T28 wrote:
The final report is out – very thorough investigative piece.Crash assigned to the crew ignoring basic safety altitude requirements for alpine flying which led to a windshear-induced stall being irrecoverable due to terrain proximity.
So the fact the aircraft was an “oldtimer” had no relevance?
A lot of maintenance shortcomings were identified but none having a direct or even indirect influence on the outcome.
When the aircraft went through a downdraft area the crew corrected with nose-high input. As a result when they transited into an updraft the AoA increased significantly and the plane entered into an accelerated stall.

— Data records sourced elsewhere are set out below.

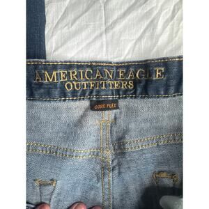 Classic and comfortable pair of American Eagle Core Flex Men's Jeans in size 34x30. Made from a soft cotton and Lycra blend, these jeans offer the perfect mix of flexibility and durability. The straight cut design provides a timeless fit, while the dark wash makes them versatile for casual wear or dressing up with a button-down.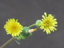 【左】オニタビラコの花です。造成地などの荒れ地、公園や林縁などに生育します。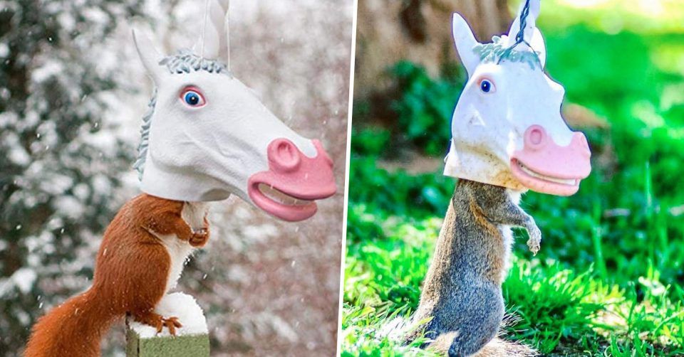 You Can Get a Unicorn Head Squirrel Feeder for Your Yard and It’s Hilarious
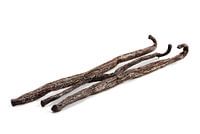 Over ‘Drie vanillepeulen, close-up geïsoleerd met schaduwen op een witte achtergrond’ van Maren Winter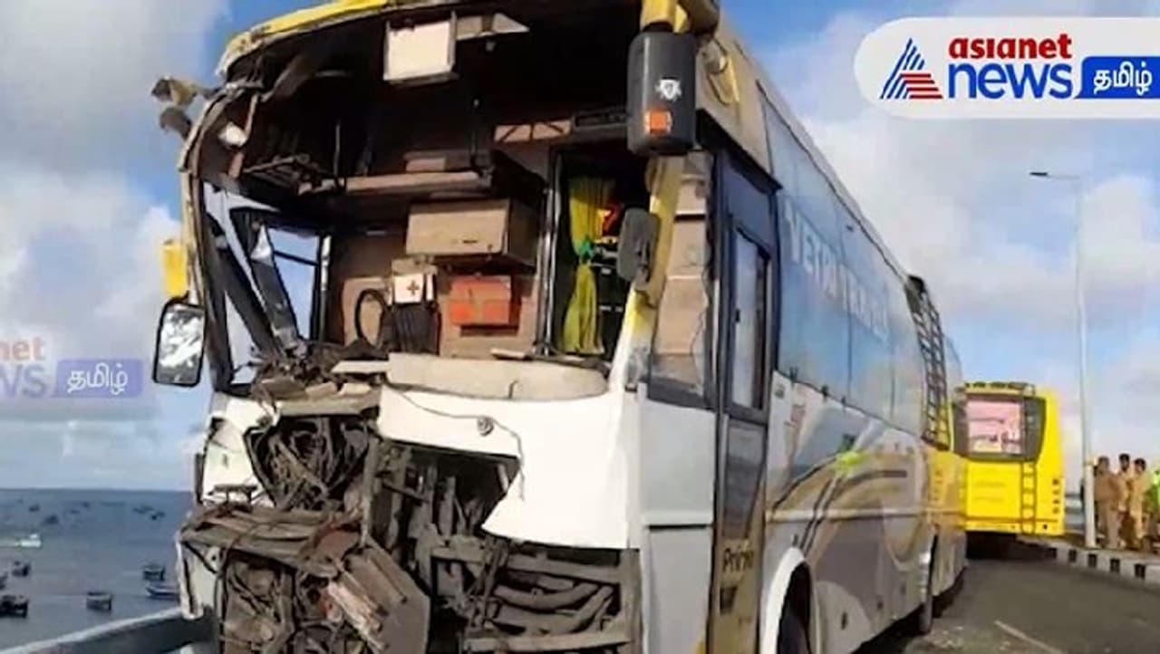 பாம்பன் பாலத்தில் அரசு பேருந்தும் தனியார் ஆம்னி பேருந்து நேருக்கு நேர் மோதி விபத்துக்குள்ளானது. இந்த விபத்தில் ஆம்னி பேருந்து பாலத்தின் தடுப்பு மீது மோதி நின்றதால் பெரும் உயிர் சேதம் தவிர்க்கப்பட்டது.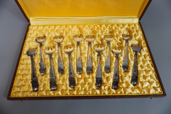 12 Fourchettes à huitre en métal argenté dans leur écrin.

Recovery control inputs were correct (don’t fight the stalling wing) but altitude and terrain prroximity prevented a recovery.
It is incredibly sad to watch this video, but anyone who plans to fly in the mountains must do so.
One of the first and most important rules is never to cross a ridge at 90 degrees, but always to approach at a small angle, so that at the very last moment the pilot has to choice either to cross, or turn away back into the valley.
The pilots of the Junkers, despite having loads of mountain experience, or maybe because they did and were blase, had only one route out, across the ridge. When they hit descending air they had increase the angle of attack to try and out climb, leading to the stall and spin in.
Too true. Sadly they imposed themseves a mid-valley, ridge height trajectory to be able to see the Martinsloch (a hole in the rocks) on the left.
Having said that, that valley is an U-shape about 1’000m ridge – to – ridge; I don’t know what the turn radius of a Junkers at cruise speed is but I certainly wouldn’t want to have to try an U-turn in there (in that size aeroplane).
Peter wrote:
May be same video as above.
Not the same video (I can see the start screen), but cannot play it either. Maybe Switzerland only.
172driver wrote:
Not the same video (I can see the start screen), but cannot play it either. Maybe Switzerland only.
I can play it (Sweden), so not Switzerland only.
It is the same video, except that some parts in the beginning and the end are missing from the second video. These parts are only text that connects the video with the accident investigation – nothing of interest.It works ok on my laptop with the latest Windows software but my German is ‘O’ level 1964. The video reconstruction was helpful with its serious message.